Searching can be done under any of the five tabs; Name, Email, Phone, Username, or Friends. The Name tab reveals more information than the others, but each contains bits related to the subject. However, we found different answers to the same questions, by looking under different tabs.
If you choose to search by Name, you’ll see, under the Basic Info tab, the full name, address (and occasionally previous addresses), phone number, children’s names, sex, age, marital status, home value, and hobbies.
The Property tab includes either a satellite view or street view of the home. Also included here are the estimated home value, lot size, home size, and the number of bedrooms and baths.
The Family tab includes the family name, the length of time at the present address, and details about the number of family members. Also included is a simple family tree.
For a monthly fee, you can find even more details about the listings.
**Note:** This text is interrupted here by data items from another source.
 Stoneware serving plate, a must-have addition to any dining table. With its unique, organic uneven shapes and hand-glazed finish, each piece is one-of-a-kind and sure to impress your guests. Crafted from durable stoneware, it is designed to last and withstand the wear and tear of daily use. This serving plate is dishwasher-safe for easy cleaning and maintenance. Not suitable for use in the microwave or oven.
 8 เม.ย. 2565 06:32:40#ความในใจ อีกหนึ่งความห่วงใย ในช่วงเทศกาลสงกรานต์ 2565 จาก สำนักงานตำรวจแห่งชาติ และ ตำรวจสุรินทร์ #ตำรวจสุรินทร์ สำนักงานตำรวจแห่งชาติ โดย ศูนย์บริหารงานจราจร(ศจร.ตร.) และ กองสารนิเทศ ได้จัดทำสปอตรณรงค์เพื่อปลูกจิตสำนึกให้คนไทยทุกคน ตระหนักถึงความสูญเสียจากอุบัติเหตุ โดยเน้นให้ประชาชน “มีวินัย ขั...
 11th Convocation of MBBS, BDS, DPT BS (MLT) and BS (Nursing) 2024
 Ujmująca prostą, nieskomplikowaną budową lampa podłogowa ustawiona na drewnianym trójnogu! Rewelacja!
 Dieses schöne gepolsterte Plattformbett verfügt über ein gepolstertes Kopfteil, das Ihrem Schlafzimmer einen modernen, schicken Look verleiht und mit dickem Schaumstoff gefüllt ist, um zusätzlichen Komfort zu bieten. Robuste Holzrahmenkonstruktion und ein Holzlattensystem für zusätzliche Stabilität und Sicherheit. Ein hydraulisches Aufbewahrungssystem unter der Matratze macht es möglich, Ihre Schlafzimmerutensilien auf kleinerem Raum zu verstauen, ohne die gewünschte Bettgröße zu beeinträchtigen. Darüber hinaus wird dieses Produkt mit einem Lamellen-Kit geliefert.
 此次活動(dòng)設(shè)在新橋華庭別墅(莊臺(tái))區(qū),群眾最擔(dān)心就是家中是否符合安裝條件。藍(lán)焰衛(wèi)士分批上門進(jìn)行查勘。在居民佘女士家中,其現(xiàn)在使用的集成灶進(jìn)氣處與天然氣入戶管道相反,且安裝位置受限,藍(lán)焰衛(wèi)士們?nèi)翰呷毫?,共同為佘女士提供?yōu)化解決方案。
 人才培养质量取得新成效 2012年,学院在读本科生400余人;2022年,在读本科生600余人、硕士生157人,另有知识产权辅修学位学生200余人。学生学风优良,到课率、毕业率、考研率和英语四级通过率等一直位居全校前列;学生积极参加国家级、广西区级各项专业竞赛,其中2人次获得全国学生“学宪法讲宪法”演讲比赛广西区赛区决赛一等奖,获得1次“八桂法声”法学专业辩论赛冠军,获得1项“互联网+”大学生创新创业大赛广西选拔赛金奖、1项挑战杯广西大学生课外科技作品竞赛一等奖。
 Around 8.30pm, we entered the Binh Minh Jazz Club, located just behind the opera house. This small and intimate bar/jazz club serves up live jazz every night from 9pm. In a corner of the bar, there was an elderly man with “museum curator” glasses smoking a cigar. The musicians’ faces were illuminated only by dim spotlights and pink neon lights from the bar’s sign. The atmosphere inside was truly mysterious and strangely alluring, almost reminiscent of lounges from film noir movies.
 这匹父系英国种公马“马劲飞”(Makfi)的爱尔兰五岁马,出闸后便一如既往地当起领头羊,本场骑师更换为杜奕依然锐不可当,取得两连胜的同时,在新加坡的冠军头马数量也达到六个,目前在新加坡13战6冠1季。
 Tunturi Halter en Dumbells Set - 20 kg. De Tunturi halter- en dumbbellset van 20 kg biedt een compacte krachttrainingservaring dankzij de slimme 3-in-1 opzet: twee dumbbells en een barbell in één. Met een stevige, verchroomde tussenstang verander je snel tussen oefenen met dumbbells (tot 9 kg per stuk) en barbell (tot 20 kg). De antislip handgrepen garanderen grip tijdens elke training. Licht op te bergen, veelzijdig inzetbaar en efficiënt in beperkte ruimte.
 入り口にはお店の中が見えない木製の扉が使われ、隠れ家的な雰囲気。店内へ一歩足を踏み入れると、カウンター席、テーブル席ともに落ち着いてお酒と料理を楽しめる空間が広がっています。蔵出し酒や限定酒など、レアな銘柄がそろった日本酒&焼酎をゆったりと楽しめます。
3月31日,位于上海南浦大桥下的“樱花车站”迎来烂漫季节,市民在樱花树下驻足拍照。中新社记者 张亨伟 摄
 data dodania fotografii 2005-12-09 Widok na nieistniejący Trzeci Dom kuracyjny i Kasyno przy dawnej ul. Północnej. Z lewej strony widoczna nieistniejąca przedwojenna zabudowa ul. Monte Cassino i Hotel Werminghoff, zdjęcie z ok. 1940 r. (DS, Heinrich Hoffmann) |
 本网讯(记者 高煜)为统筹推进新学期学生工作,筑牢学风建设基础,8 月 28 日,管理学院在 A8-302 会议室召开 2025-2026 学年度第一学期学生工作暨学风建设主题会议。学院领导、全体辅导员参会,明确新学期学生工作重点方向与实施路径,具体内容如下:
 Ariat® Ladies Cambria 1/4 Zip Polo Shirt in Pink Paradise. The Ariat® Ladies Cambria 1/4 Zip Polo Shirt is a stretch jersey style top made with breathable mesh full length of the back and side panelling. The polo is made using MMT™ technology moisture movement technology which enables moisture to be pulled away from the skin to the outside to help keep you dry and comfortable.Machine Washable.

The information under the remaining 3 tabs requires payment.
If you’re concerned about your privacy, Spokeo offers an option to remove your name from public view. However, all the information is still available at the same sources from which they acquired theirs. I chose to remove my name from their public listing, and this process proved to be nearly trouble free. There’s a Privacy link at the bottom of the page. Click on that, and fill out the required fields. These include the URL (internet address) where this information was found, and an email address. Once you’ve completed this, an email will be delivered to you, in which you can click a link to complete the removal process.
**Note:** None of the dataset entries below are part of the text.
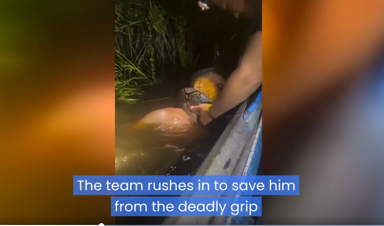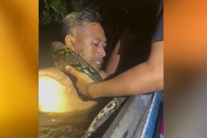 Вистински хорор на река во Индонезија — туристичкиот водич Херу за малку избегнал смрт кога питон долг шест метри го повлекол од чамецот и му се обвил околу вратот.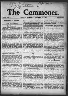 The Commoner was a weekly newspaper published in Lincoln, Nebraska, from 1901 to 1923 that was owned, edited, and published by William Jennings Bryan. The Commoner was a political paper of the early twentieth century that impacted a great deal of public opinion on critical matters.
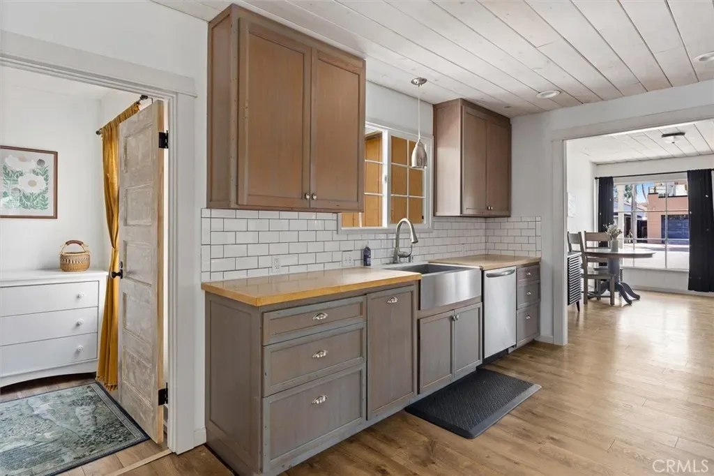 Experience the charm of coastal living at 244 Windward Avenue in desirable Shell Beach, CA. This adorable single-level beach bungalow offers 3 bedrooms and 2 bathrooms (currently configured as a 2-bedroom with a den) across 909± square feet, blending character, comfort, and an effortless beachside lifestyle. Inside, laminate plank flooring and shiplap ceilings create a warm, cohesive aesthetic. The inviting entry features a swinging screen door, perfect for enjoying the refreshing ocean air, and a large picture window that fills the home with natural light. The front bedroom, currently used as a den, offers flexible living space with a custom barn door, closet, and direct access to the Jack-and-Jill bath. The stylish kitchen showcases butcher block countertops, subway tile backsplash, a farmhouse stainless-steel sink, recessed lighting, and a suite of stainless-steel appliances, including a built-in Vinotemp wine refrigerator. Two rear bedrooms provide peaceful retreats. One features beautiful natural light and ample closet storage, while the other offers French doors leading to the backyard along with built-in shelving and convenient access to the Jack-and-Jill bath. A second bathroom includes a glass-enclosed shower and a large operable window for natural light and ventilation. A dedicated laundry nook with a stackable LG washer and dryer adds everyday convenience. Step outside to your backyard oasis. The enclosed yard features a raised wood deck with string lights, lawn area, raised garden beds, passion fruit vines, Meyer lemon tree, bird of paradise, and mature palms, creating an ideal setting for entertaining or relaxing under the coastal sky. Additional highlights include a new mini-split HVAC system and an attached shed with 220V wiring ready for EV charging. Located just moments from the ocean in the sought-after Shell Beach community, this home offers the perfect opportunity to embrace Central Coast living in one of the area’s most beloved seaside neighborhoods.

Privacy and frustration don’t directly relate to each other, except in the way they became intertwined in the process described in this article. However, both are frequent sources of anxiety to many computer users, so I thought the following was worth mentioning.
Since removing my name from the public listing was relatively easy, I happily agreed to remove someone else’s name. This time things didn’t go quite as smoothly. I followed the steps above and waited for the confirmation email. In the email was the message, To complete the removal process, please click here. I did…which took me back to the Spokeo Privacy page, where I was asked to follow the instructions again. I did. Checked the email, clicked the link, returned to the Privacy page. This cycle repeated itself several times.
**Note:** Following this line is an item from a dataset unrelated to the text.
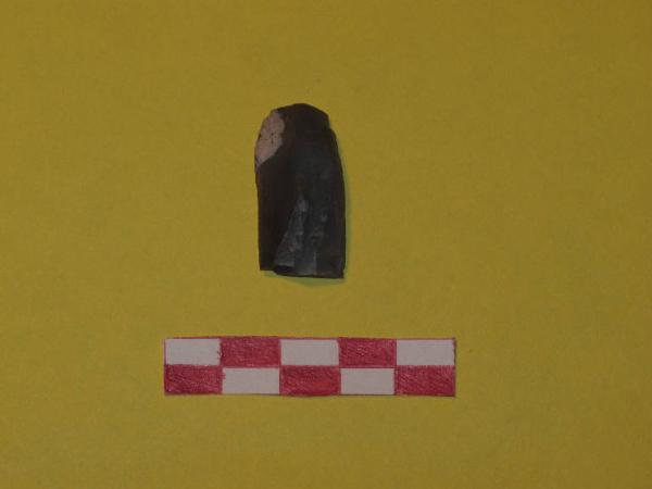 Grattatoio frontale. Selce di colore grigio scuro, con residui di cortice vicino all'estremità distale. Sezione lenticolare

I then proceeded to ignore lesson number one, regarding problems with computers.
Walk away. This is sound advice. Wish I’d listened.
At about the time I’d completed the fourth cycle, I got a call from the person whose name I was attempting to remove from the list. By this time, what little hair I have left was beginning to catch fire and I was quickly learning new and regrettable ways to express myself.
Walk away. Advice that continued to go unheeded.
After about 6 cycles, I finally walked away. Later, I went back, clicked on a different link in the email (something I’d unsuccessfully attempted earlier) and, poof, the name was removed.
The bottom line on Spokeo is that, yes you can have your name removed, but the information is still out there and someone else will get it and publish it. I ran across the following line in an article about Spokeo and wish I’d thought of it myself. “In short, removing your personal information from display by Internet aggregators isn’t a one-time deal, but rather more like a never-ending game of Whack-a-Mole.”
There’s also the question of accuracy, and inaccurate statements may be as potentially damaging as accurate ones. For example, our listed income was significantly higher than our paychecks indicate. While I wouldn’t mind having the extra funds, I’m not sure I want other people, particularly those of questionable character, thinking we’re richer than we are.
As for the frustration, just walk away. Turn off your computer and do something else for a while. I wish I’d remembered that.